Zsigmondy?

I think the follow is works: Let $n=k^{100k!m}$ for naturals $m>2$ and let $k \geq 100$. Then by Zsigmondy there exists distincts prime numbers $p_1, p_2,..., p_k$ such a $ord_{p_i}n=100i$. But they all divide $n^n-1$ since $100i|100k!|n$ and don't divide $n-1$ (their order is too bigger), so $\frac{n^n-1}{n-1}$ has at least $k$ distinct pre divisors: $p_1,..., p_k$.
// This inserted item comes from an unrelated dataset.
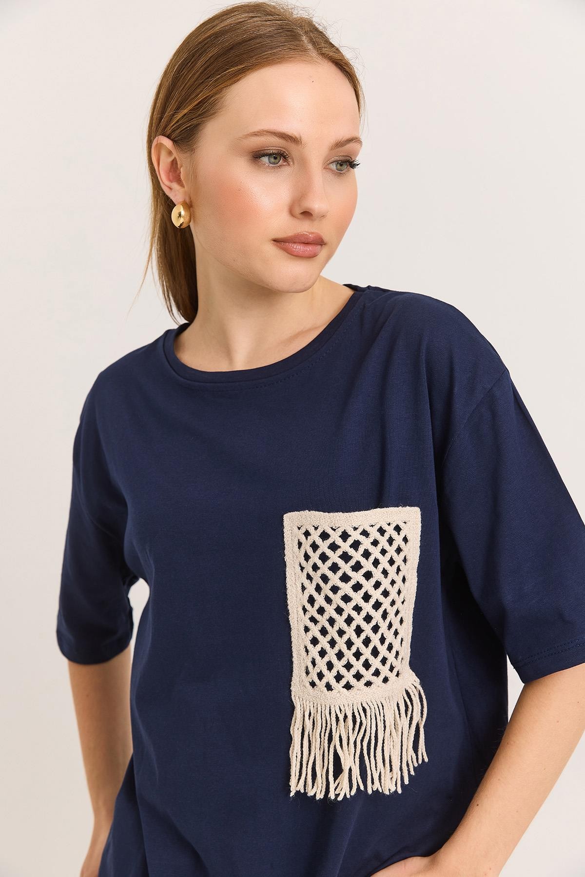 Hasır Cepli Yumuşak Dokulu Fit Tshirt Lacivert (250720TSHXLCV)

Also I think here is elementary solution: Let $n=2m$ such a $2m+1$ has at least $k$ distinct odd prime divisors $p_1,...,p_k$ (so they are not divisors of $n-1=2m-1$). There is exist infinity many such $m$ by CRT, for example (for 1st step choose $p_1,...,p_k$ and for second find such $m$). In this case $p_1,..., p_k| \frac{n^n-1}{n-1}$, because $p_i \not | n-1$ and $p_i | n^2-1|n^n-1$, since $2 |n$. So, such $n$ works.

$\frac{n^n-1}{n-1}=n^{n-1}+n^{n-2}+...+n+1$ Select $k$ distinct odd primes $p_1,p_2,...,p_k$ And $n=p_1p_2...p_km+1$ where $m$ is an odd positive integer Here $n$ is even $n \equiv -1 \pmod{p_i}$ for all $1 \leq i \leq k$ $n^{odd} \equiv -1 \pmod{p_i}$ and $n^{even} \equiv 1 \pmod{p_i}$ So $n^{n-1}+n^{n-2}+...+n+1 \equiv -1+1-1+..-1+1 \equiv 0 \pmod{p_i}$ So the number has atleast $k$ distinct prime factors and there are infinitely many. $\square$